We all know that the beautiful world of software is like a basketball balanced on a Jenga game. It’s fine while it’s fine but all it takes is a semi colon in the wrong place, a bad database failover or some unlucky road worker to cut a cable and the whole world comes crashing down. Fortunately we’re all good people and when the pieces are on the floor we pull together and get it all balanced again. But then what?

It’s not good enough to just forget about it. Sweep it under the run and pretend it never happened. Production incidents are part of life. More than that, they are great learning opportunities. By examining what went wrong and identifying the contributing factors, we can not only learn how to prevent this happening again, but also pre-empt other issues within our system.

This talk looks at the strategies for Post Incident Review starting with the common place practices including the Fishbone Diagrams, Sticky Note Brainstorming and the Five Whys methods of root cause analysis. This talk will go beyond these practices to show how leveraging modern monitoring practices along side ChatOps we can the contributing factors, not just a single cause.

These contributing factors can be used to find actionable outcomes that not only help prevent the same thing happening again but feed back into the incident life cycle to make the team better prepared to Detect, Respond to, Remediate and Analyse the next incident.

Last year on Christmas Eve, Klee got a phone call and had to jump onto his laptop and fix problems… glass of champagne in hand. But he realised this kept happening and needed to change.

Like any other team, NIB are trying their best to do a good job, with all the buzzwords (agile, pairing, TDD, CI/CD, devops…). But like everyone else, customers always want more and legacy code keeps growing. Things will inevitably go wrong. You need to build a culture that copes with failure and is prepared to recover.

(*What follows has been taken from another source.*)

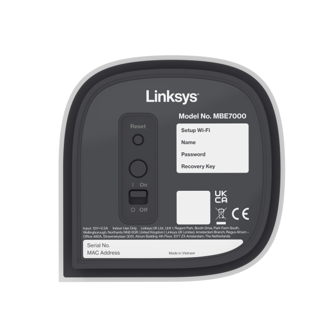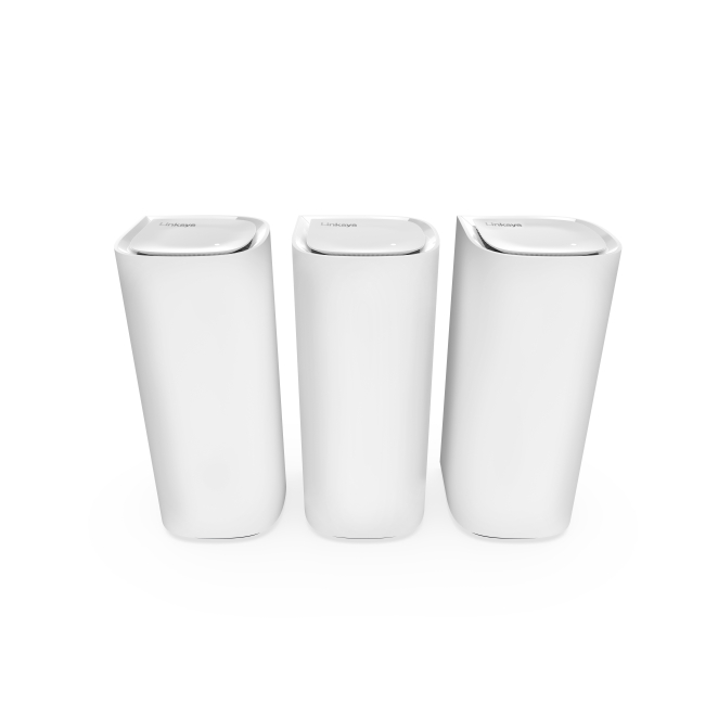 Router blanco Linksys Velop Pro 7 Tribanda con Wi-Fi 6, 2.4 GHz, 5 GHz y 6 GHz, SKU MBE7003-KE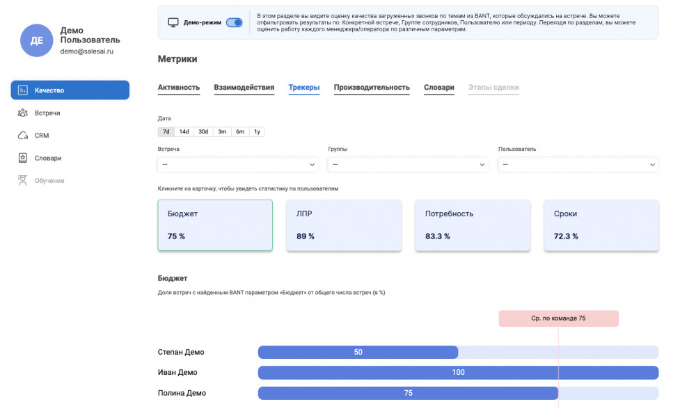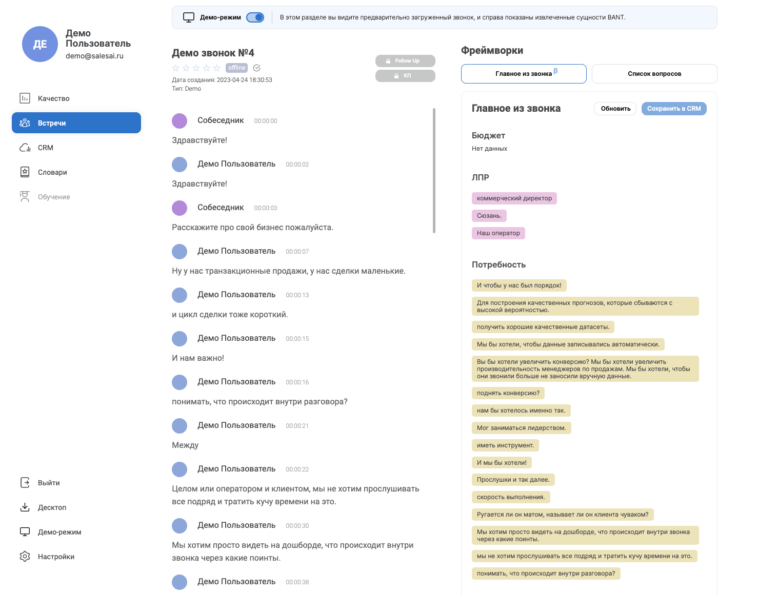 Ну а когда поймет, что такой научный прогресс именно для него, выключит демо-режим и загрузит свои стерео звонки. В ближайшем релизе, кроме киллер фичи с критериями квалификации, изменим флоу тестирования: тестирование будет ограничиваться не двумя неделями, а количеством загруженных звонков. Чем быстрее — тем лучше. Регистрируйтесь и получайте доступ к SalesAI бесплатно> И обратите внимание на этот скриншот: Справа подсвечено извлечение данных из звонка по фреймворку BANT. Менеджеру не надо заполнять эти поля ручками. Все заполняется само. Если вам необходимо заполнять другие поля и извлекать другие сущности — просто сообщите нам и мы сделаем кастомизацию системы под ваши требования. Тут подробнее:

Post incident review determines if you learn from incidents or not.

Incident life cycle:

  • detection – working out that something is happening
  • response – you work out what you’re going to do
  • resolution – going ahead with a fix
  • analysis – pulling apart what happened (this feeds into all the other steps in the life cycle)
  • readiness – preparation for next time
  • …then back to detection

When should you run a PIR? ASAP! Within 2 days. People forget very quickly and replace real memories with their own version of events. Run PIRs regularly, on smaller incidents as well as big ones – so you’re practised and know what to do.

The path to a great PIR

Root cause analysis – get right down to the thing caused the system to break; and the best solution is the Five Whys technique. Keep asking ‘why’ until you get past the surface reasons for an incident. But beware of blaming an individual; and beware that the people you ask will determine the answer you reach. Blame culture leads to fear; and fear leads to people hiding what really went on.

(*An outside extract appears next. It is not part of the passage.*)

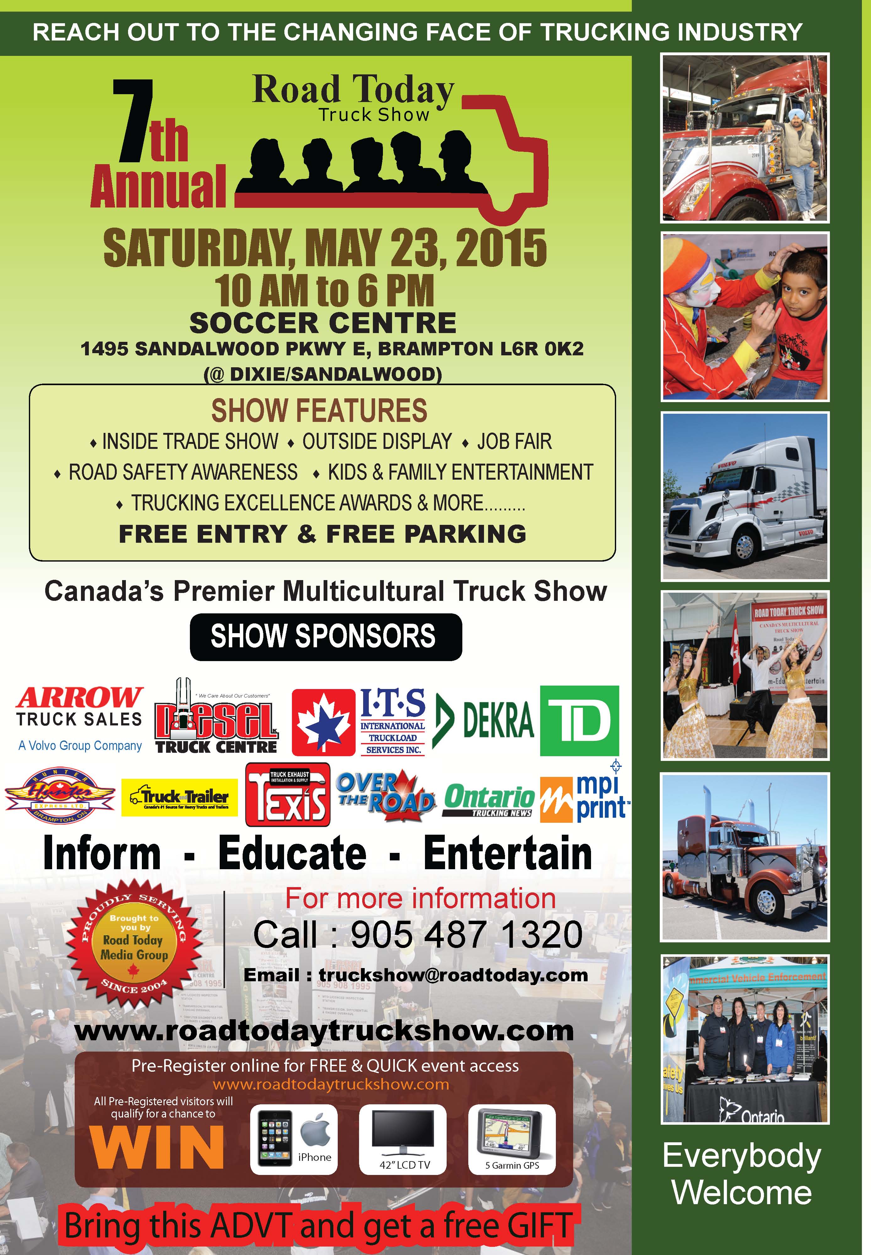 The much awaited annual Show will include plenty of activities including indoor trade show, job fair for AZ drivers and owner-operators, outdoor display, MTO road safety awareness with driving simulator, kids and family entertainment, giveaways, prizes and lots more.

Blame is weird. People don’t blame one person for a big project’s success, so why do we blame a single person for a big project’s failures?

Blame the process, not the people. – Edward Deming

Go back to Norm Kerth’s prime directive:

Regardless of what we discover, we understand and truly believe that everyone did the best job they could, given what they knew at the time, their skills and abilities, the resources available, and the situation at hand.

A good tool is a fishbone (Ishikawa) diagram, that lets you identify primary and secondary causes for a specific problem.

But you have to guard against biases:

  • anchoring – the first piece of evidence is the most relevant
  • availability – I can think of it so it’s true (juniors do this a lot)
  • bandwagon effect – getting swept up in the crowd
  • others – hindsight, outcome, confirmation

…many of them quickly lead back to blame culture. Yet again go with the prime directive of retros.

Other useful things to do:

  • Create a TLDR summary of an incident and its resolution.
  • Create a timeline of events, with multiple points of view.
  • Elaborate
    • don’t hide what happened
    • don’t ask ‘why X happened’ if you can instead ask ‘what contributed to X happening’, the factors that led to a decision rather than the decision itself

Key metrics:

  • who was involved
  • time to acknowledge
  • time to resolve
  • severity

Remember to go through what went well – something has gone well, because you’re in a PIR and not still trying to fix it!

Action items:

  • Document them as they come up
  • Identify impact and urgency
  • Commit to some but usually not all
  • Actually do the ones you commit to – put them into tickets and schedule them
  • Feed back into all stages of the life cycle

If you can do all this well, your post-mortem can become a pre-mortem: something that will help you avoid doing this again.